O_ASYNC question

From: Amos Waterland (apw@us.ibm.com)
Date: Tue Jun 25 2002 - 11:30:52 EST


The man page for fcntl() says:

    If you set the O_ASYNC status flag on a file descriptor (either by
    providing this flag with the open(2) call, or by using the F_SETFL
    command of fcntl), a SIGIO signal is sent whenever input or output
    becomes possible on that file descriptor.

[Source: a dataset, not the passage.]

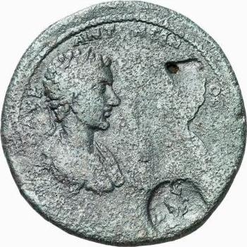GIC 84 (Caracalla, laureate bust r.) ; Geta erased; cmk could be head of Domna with inscription ΔΟΜ?
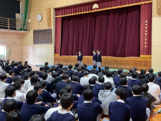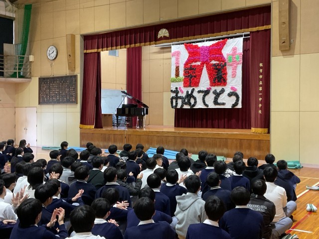 3月10日(火) 3年生送る会 Part1 公開日 2026/03/10 更新日 2026/03/10 一中の様子 本日の5時限目は、3年生送る会が開催されました。3年生の入場から、生徒会作成の1・2年クラスメッセージのサプライズ動画、1年生からの贈り物です。1000以上の花で作られた花文字・花絵で、素晴らしい作品でした。 +5 いいね(3)

On a 2.4.18 kernel, this test program waits forever in sigwaitinfo():

    #include <fcntl.h>
    #include <signal.h>
    #include <stdio.h>
    #include <stdlib.h>
    #include <unistd.h>

    int main(int argc, char *argv[])
    {
      const int BYTES = 5000000;
      int i, fd;
      char buff[BYTES];
      char name[] = "/tmp/aio8.XXXXXX";
      sigset_t sigset;
      siginfo_t siginfo;

      if ((fd = open(name, O_CREAT|O_WRONLY|O_NONBLOCK|O_ASYNC, 0600)) < 0 ||
          unlink(name)) {
        perror("creating temp file"); exit(1);
      }

      for (i = 0; i < BYTES; i++) buff[i] = 'Z';

      if (sigemptyset(&sigset) || sigaddset(&sigset, SIGIO) ||
          sigprocmask(SIG_BLOCK, &sigset, NULL)) {
        perror("setting up signal mask"); exit(2);
      }

      if (write(fd, buff, BYTES) < 0) {
        perror("writing to temp file"); exit(3);
      }

      printf("recv sig: %i\n", sigwaitinfo(&sigset, &siginfo));

      return 0;
    }

Shouldn't SIGIO be raised when the write() completes? (Is O_ASYNC only
valid for sockets, maybe?) Thanks in advance.